> **What needs to be done**
Using the records below, repeat exactly the lines from the one holding "3、灌裝頭高度調(diào)" through the one holding "Мембранный пневматический насос", both ends included, and no others.

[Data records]
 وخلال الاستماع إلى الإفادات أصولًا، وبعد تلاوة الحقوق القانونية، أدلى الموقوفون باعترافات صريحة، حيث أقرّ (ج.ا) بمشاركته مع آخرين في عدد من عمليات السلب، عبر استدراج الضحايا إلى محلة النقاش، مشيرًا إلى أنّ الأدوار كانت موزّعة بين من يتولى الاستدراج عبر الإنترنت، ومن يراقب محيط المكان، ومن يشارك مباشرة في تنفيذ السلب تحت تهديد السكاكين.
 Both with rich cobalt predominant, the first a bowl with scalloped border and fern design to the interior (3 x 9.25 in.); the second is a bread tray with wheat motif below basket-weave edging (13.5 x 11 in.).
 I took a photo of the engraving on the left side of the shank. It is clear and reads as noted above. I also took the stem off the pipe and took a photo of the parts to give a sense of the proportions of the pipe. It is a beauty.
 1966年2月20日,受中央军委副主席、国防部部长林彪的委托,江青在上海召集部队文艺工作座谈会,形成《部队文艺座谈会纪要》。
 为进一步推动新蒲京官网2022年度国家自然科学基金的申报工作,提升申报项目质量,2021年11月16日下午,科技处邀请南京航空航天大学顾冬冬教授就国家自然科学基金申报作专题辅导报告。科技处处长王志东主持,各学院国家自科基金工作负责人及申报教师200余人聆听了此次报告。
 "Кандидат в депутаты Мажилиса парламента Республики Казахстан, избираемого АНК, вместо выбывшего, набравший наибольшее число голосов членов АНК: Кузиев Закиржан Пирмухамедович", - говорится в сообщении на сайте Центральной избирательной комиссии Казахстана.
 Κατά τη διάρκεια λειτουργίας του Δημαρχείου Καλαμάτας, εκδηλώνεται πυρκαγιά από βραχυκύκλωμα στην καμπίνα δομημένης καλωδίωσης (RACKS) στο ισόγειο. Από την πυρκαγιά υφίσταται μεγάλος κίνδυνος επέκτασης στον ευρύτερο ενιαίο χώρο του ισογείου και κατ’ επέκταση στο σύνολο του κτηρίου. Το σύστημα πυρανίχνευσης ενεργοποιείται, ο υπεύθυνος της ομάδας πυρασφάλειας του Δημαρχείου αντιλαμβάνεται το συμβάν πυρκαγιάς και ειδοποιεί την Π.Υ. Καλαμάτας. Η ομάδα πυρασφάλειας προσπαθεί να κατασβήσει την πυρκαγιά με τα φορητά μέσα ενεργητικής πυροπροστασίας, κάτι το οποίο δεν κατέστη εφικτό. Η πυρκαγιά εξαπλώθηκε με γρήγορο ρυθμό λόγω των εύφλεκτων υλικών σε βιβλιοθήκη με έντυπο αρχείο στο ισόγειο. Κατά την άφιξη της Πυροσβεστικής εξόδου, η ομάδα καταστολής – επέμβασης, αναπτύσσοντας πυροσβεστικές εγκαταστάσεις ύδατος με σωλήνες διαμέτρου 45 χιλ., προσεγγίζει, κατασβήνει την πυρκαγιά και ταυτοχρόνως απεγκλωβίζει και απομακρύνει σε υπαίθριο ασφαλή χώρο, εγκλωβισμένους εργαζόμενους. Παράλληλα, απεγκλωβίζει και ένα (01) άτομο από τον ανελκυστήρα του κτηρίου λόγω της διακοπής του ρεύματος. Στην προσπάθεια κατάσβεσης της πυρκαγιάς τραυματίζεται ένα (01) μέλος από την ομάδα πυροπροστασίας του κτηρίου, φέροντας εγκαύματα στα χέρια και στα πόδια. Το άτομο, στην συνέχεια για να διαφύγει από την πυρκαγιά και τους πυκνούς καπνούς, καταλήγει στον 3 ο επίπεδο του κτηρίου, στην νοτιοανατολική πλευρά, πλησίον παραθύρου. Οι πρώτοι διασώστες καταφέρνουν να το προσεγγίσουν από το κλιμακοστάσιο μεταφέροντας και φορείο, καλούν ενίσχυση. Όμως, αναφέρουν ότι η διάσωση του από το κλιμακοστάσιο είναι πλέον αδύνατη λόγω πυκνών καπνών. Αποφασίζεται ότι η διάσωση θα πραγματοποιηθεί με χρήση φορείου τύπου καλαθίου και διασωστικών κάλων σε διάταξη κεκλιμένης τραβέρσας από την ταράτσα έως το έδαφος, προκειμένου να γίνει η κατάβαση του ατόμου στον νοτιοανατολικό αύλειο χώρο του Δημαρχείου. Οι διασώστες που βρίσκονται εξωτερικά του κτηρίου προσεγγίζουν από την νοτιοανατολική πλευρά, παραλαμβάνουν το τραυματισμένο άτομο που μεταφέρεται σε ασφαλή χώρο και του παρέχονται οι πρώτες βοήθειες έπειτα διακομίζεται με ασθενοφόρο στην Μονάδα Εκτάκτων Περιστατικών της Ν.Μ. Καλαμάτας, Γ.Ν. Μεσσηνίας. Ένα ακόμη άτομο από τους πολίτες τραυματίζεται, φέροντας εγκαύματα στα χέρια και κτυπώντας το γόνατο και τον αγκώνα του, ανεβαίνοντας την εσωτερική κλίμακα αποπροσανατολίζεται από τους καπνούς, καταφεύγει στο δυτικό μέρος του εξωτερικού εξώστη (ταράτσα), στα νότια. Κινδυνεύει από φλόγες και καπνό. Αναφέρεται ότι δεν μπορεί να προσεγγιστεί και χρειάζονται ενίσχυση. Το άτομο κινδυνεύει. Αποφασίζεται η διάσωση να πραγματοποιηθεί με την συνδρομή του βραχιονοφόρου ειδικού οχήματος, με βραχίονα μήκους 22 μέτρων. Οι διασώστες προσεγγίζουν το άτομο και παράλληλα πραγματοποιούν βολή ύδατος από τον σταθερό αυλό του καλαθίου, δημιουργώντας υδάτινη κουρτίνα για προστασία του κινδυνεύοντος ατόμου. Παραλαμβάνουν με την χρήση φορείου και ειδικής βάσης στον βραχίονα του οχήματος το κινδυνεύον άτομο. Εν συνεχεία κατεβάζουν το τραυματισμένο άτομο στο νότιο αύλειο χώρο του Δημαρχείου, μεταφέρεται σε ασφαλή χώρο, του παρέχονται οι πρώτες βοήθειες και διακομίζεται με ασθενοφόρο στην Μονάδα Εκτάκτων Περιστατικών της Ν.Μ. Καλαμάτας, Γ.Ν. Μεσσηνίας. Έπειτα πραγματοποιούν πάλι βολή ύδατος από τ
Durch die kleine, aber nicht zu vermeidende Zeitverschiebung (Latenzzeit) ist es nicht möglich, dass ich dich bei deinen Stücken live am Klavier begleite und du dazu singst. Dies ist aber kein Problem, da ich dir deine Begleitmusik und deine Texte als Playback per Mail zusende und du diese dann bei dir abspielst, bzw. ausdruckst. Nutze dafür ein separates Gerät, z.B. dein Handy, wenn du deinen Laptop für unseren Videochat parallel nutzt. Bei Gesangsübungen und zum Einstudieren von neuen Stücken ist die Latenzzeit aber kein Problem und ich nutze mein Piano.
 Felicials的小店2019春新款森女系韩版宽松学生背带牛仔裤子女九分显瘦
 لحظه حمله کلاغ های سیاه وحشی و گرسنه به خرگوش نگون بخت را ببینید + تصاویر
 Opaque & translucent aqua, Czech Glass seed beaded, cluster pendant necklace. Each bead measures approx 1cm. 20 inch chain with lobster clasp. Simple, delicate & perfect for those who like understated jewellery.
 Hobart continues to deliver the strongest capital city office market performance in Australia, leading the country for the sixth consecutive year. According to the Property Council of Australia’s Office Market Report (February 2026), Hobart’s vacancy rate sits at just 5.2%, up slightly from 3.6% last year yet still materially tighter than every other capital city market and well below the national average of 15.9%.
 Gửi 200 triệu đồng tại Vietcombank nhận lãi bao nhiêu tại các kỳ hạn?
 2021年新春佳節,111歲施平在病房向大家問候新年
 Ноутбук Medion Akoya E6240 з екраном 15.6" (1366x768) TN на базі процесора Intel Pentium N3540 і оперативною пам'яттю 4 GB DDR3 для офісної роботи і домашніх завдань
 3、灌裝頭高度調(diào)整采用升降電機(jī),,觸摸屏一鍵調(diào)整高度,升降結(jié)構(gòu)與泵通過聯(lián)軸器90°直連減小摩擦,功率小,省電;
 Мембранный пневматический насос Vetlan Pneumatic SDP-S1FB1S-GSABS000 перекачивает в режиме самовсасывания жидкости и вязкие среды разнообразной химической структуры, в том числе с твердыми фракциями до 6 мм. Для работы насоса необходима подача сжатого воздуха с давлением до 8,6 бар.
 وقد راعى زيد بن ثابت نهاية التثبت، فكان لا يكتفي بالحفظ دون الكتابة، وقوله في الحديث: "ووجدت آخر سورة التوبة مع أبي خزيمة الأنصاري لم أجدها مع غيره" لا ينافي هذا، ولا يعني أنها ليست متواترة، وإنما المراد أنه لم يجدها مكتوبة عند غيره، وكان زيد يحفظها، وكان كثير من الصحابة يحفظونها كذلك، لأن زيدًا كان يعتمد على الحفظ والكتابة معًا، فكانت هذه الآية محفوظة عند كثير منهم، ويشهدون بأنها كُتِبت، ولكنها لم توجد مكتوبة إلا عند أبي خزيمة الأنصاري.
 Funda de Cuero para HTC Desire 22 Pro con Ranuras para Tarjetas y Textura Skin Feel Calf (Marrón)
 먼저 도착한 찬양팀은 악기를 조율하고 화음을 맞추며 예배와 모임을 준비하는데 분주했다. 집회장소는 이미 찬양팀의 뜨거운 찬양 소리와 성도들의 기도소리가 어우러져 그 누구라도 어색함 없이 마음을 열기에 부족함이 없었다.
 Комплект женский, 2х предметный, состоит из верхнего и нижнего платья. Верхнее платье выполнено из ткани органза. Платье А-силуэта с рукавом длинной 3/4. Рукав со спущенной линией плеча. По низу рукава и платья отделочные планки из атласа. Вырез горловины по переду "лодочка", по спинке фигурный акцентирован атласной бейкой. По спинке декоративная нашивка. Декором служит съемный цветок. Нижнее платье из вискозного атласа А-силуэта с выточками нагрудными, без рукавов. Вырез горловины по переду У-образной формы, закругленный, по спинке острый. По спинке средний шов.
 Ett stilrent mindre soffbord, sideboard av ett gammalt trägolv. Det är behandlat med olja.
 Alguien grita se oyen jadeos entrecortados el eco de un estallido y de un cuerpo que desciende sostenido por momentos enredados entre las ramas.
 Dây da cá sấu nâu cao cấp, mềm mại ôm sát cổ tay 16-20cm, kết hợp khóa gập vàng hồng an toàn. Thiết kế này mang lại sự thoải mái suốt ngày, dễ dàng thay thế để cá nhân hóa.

> **Response for this exercise**
 3、灌裝頭高度調(diào)整采用升降電機(jī),,觸摸屏一鍵調(diào)整高度,升降結(jié)構(gòu)與泵通過聯(lián)軸器90°直連減小摩擦,功率小,省電;
 Мембранный пневматический насос Vetlan Pneumatic SDP-S1FB1S-GSABS000 перекачивает в режиме самовсасывания жидкости и вязкие среды разнообразной химической структуры, в том числе с твердыми фракциями до 6 мм. Для работы насоса необходима подача сжатого воздуха с давлением до 8,6 бар.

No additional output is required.